To replace nuclear power, the Board moved away from the concept of a large central plant toward diverse power sources, such as cogeneration plants, wind power, low-cost purchased power from the Pacific Northwest and Canada, and research and development of advanced technologies like solar, fuel cells, gas turbines and biomass.
We tried to cut costs in almost every area. Our employee headcount declined to 2,000 from a high of almost 2,400 – primarily through attrition. We used technology to improve customer service without adding more employees, trimmed resources that didn’t benefit customers, and invested in field inspections and preventive maintenance to further improve reliability.

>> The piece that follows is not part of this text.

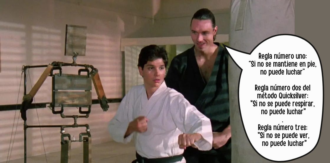 Volvamos por un minuto a Karate Kid III. Aquí aparece Terry Silver (uno de los mejores villanos de la serie) y su método Quicksilver, un sistema de entrenamiento intensivo con sólo tres reglas.

By the mid-‘90s, SMUD was on solid footing. The major investment rating agencies had upgraded our bond ratings to A and A-minus. Our rates remained stable throughout the decade and our reliability figures were among the best in the nation. We also built three cogeneration plants, expanded generation capacity at existing power plants in the Upper American River Project and beefed up our transmission and distribution systems.
And we tightened our focus on customers, investing in surveys and focus groups to better understand their needs and wants. Major customers were assigned to an account manager, the sole point of contact for all their concerns. In 1999, our customer base jumped past 500,000 and peak electricity usage reached 2,759 megawatts for the first time ever.
But as the decade drew to a close, state officials proposed a new and untested idea; Energy deregulation.
Thanks to months of planning and preparation, the dreaded Y2K bug didn't affect our systems. But just in case, several hundred SMUD employees were on hand New Year's Eve to keep everything running smoothly.
The real crisis was one that no one expected: State-mandated deregulation of the electric utility industry, and the resulting power shortages, soaring wholesale energy costs and rotating outages.
Following deregulation, market chaos gripped much of the West. Artificially tight power supplies and congested transmission systems sent electricity prices through the roof. In short order, California's biggest investor-owned utilities were on the brink of bankruptcy and Californians were experiencing their first blackouts since the end of World War II.
We found ourselves tied as never before to statewide difficulties in maintaining reliable electricity supplies, and in 2000 we were forced to institute rotating outages on seven days. By the following year, we were setting up a system to insulate us from requirements to shut down power to customers in all but extreme cases of statewide grid instability.
The terrorist attacks in New York in 2001 caused heightened security at SMUD's facilities and offices. Some employees went off to war, and SMUD extended help to their families.
By mid-decade. we had paid off the last of the Rancho Seco plant investment and were dismantling the reactor building equipment and spent fuel pool and started construction on a new 500-megawatt gas-fired plant on Rancho Seco property. We replaced hundreds of thousands of feet of underground cable to further improve reliability, and applied for a 50-year license renewal on our 688-MW hydroelectric generation facilities.
Even as we coped with deregulation and other difficult issues, we forged ahead with a major green-energy efforts such as our wind-power project in Solano County, Smart Homes, Greenergy, SolarShares, plug-in hybrid vehicles and a host of other initiatives.
We're well on our way to building a smart grid to help us operate more efficiently and give you better choices in the way you use energy.
This decade promises to be a dynamic time in the electric industry, and we're committed to helping you realize the promise of exciting new technologies while continuing to bring you reliable and affordable service.